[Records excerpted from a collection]
———

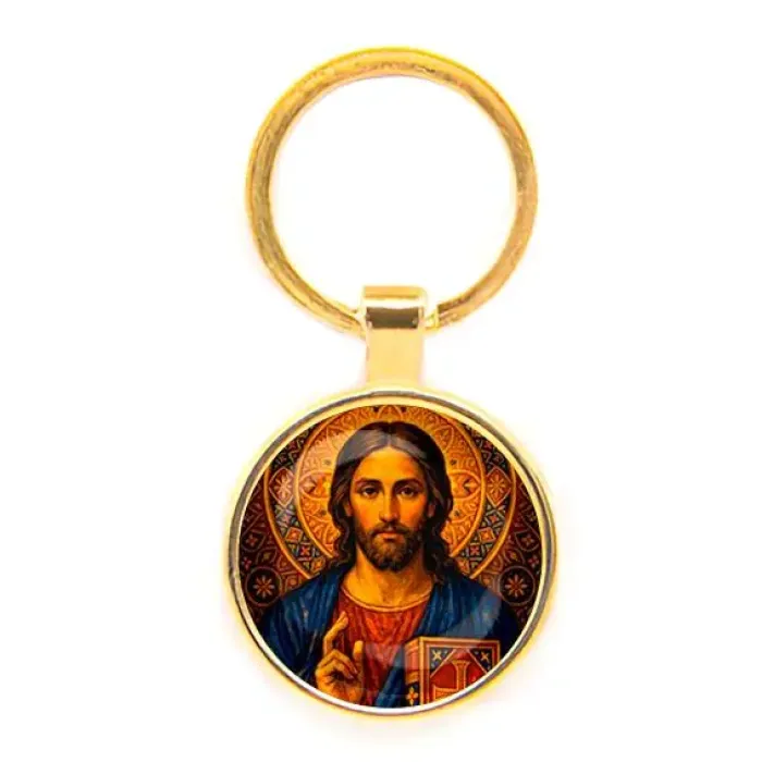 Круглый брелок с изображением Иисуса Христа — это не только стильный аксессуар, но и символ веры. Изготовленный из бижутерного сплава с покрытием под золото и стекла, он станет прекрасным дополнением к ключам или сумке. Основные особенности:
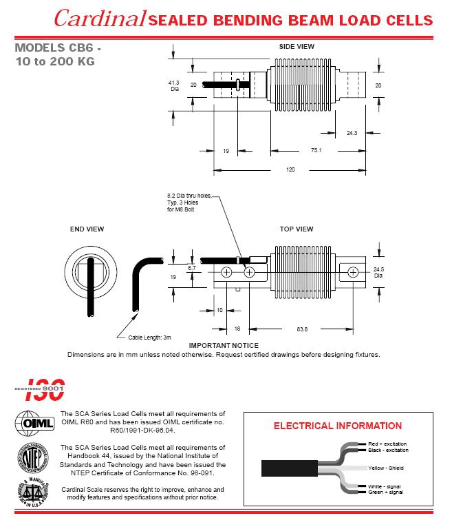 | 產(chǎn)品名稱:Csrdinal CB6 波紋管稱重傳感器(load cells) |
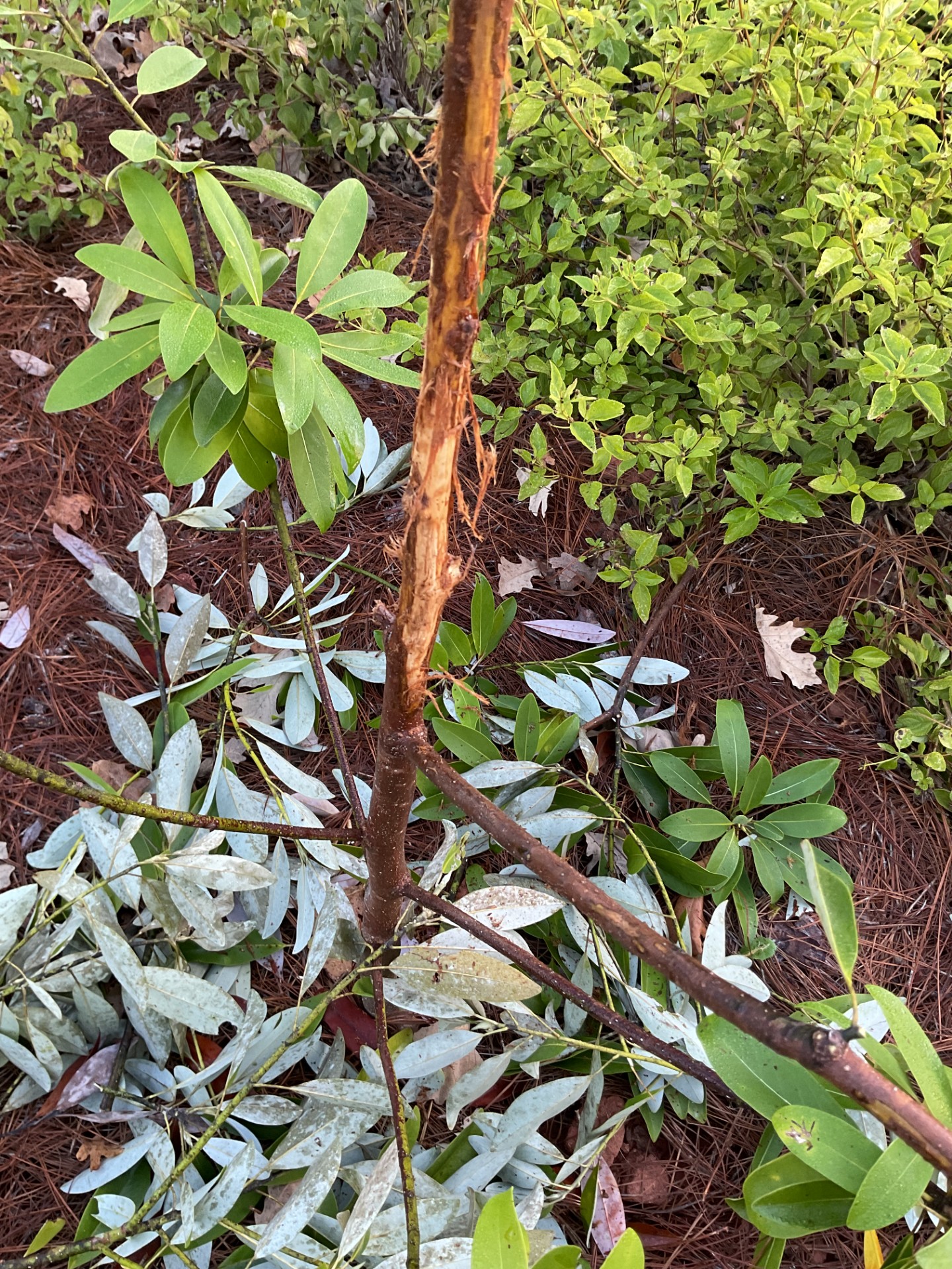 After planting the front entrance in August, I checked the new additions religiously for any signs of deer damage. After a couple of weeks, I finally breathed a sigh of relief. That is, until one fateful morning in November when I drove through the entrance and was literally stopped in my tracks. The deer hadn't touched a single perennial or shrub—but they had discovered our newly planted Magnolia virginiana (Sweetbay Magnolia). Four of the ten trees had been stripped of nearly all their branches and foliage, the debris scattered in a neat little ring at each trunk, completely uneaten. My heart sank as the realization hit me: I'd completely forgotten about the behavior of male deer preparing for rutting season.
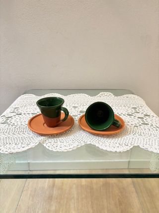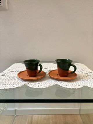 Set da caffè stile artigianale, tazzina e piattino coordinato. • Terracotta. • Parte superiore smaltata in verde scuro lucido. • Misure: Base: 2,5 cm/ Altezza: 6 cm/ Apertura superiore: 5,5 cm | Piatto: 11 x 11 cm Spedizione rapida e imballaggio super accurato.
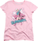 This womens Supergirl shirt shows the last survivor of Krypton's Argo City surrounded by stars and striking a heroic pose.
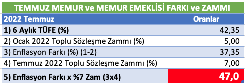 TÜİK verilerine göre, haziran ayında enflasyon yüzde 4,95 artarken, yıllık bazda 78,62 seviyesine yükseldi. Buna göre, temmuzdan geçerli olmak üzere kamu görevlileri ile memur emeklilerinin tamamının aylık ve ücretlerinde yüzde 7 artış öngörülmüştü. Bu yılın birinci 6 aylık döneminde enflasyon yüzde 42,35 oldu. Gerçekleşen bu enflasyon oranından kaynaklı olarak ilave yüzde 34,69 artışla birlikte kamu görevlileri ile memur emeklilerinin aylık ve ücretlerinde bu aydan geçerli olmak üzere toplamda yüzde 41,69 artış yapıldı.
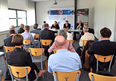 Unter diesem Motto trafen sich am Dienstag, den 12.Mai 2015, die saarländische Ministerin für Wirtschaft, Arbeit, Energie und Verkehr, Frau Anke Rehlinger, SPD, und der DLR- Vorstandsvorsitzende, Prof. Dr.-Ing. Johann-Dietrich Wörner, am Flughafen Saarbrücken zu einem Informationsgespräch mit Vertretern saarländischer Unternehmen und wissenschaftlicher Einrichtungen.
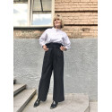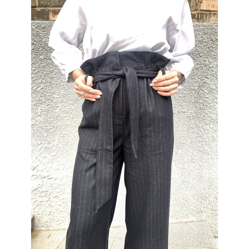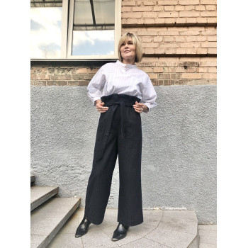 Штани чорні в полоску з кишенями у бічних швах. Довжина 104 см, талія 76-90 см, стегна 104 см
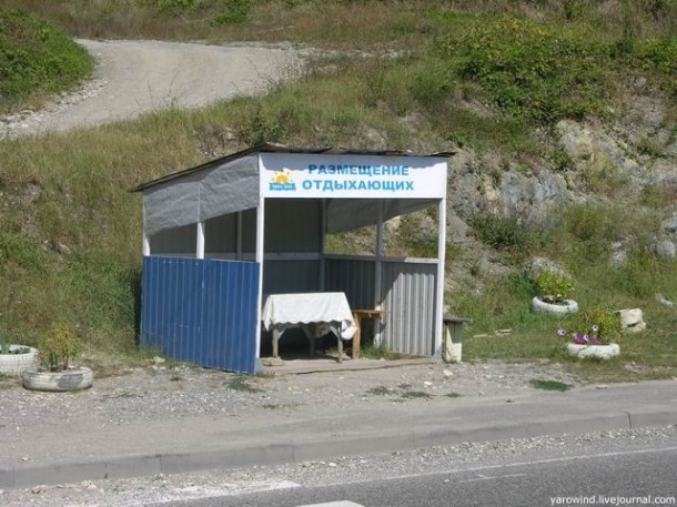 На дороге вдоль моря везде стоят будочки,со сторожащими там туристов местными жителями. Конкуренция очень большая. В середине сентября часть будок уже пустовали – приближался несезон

———

▶ _Problem_: Retype each of the entries above exactly as it appears, with no pictures.

▶ _Your response_:
 Круглый брелок с изображением Иисуса Христа — это не только стильный аксессуар, но и символ веры. Изготовленный из бижутерного сплава с покрытием под золото и стекла, он станет прекрасным дополнением к ключам или сумке. Основные особенности:
 | 產(chǎn)品名稱:Csrdinal CB6 波紋管稱重傳感器(load cells) |
 After planting the front entrance in August, I checked the new additions religiously for any signs of deer damage. After a couple of weeks, I finally breathed a sigh of relief. That is, until one fateful morning in November when I drove through the entrance and was literally stopped in my tracks. The deer hadn't touched a single perennial or shrub—but they had discovered our newly planted Magnolia virginiana (Sweetbay Magnolia). Four of the ten trees had been stripped of nearly all their branches and foliage, the debris scattered in a neat little ring at each trunk, completely uneaten. My heart sank as the realization hit me: I'd completely forgotten about the behavior of male deer preparing for rutting season.
 Set da caffè stile artigianale, tazzina e piattino coordinato. • Terracotta. • Parte superiore smaltata in verde scuro lucido. • Misure: Base: 2,5 cm/ Altezza: 6 cm/ Apertura superiore: 5,5 cm | Piatto: 11 x 11 cm Spedizione rapida e imballaggio super accurato.
 This womens Supergirl shirt shows the last survivor of Krypton's Argo City surrounded by stars and striking a heroic pose.
 TÜİK verilerine göre, haziran ayında enflasyon yüzde 4,95 artarken, yıllık bazda 78,62 seviyesine yükseldi. Buna göre, temmuzdan geçerli olmak üzere kamu görevlileri ile memur emeklilerinin tamamının aylık ve ücretlerinde yüzde 7 artış öngörülmüştü. Bu yılın birinci 6 aylık döneminde enflasyon yüzde 42,35 oldu. Gerçekleşen bu enflasyon oranından kaynaklı olarak ilave yüzde 34,69 artışla birlikte kamu görevlileri ile memur emeklilerinin aylık ve ücretlerinde bu aydan geçerli olmak üzere toplamda yüzde 41,69 artış yapıldı.
 Unter diesem Motto trafen sich am Dienstag, den 12.Mai 2015, die saarländische Ministerin für Wirtschaft, Arbeit, Energie und Verkehr, Frau Anke Rehlinger, SPD, und der DLR- Vorstandsvorsitzende, Prof. Dr.-Ing. Johann-Dietrich Wörner, am Flughafen Saarbrücken zu einem Informationsgespräch mit Vertretern saarländischer Unternehmen und wissenschaftlicher Einrichtungen.
 Штани чорні в полоску з кишенями у бічних швах. Довжина 104 см, талія 76-90 см, стегна 104 см
 На дороге вдоль моря везде стоят будочки,со сторожащими там туристов местными жителями. Конкуренция очень большая. В середине сентября часть будок уже пустовали – приближался несезон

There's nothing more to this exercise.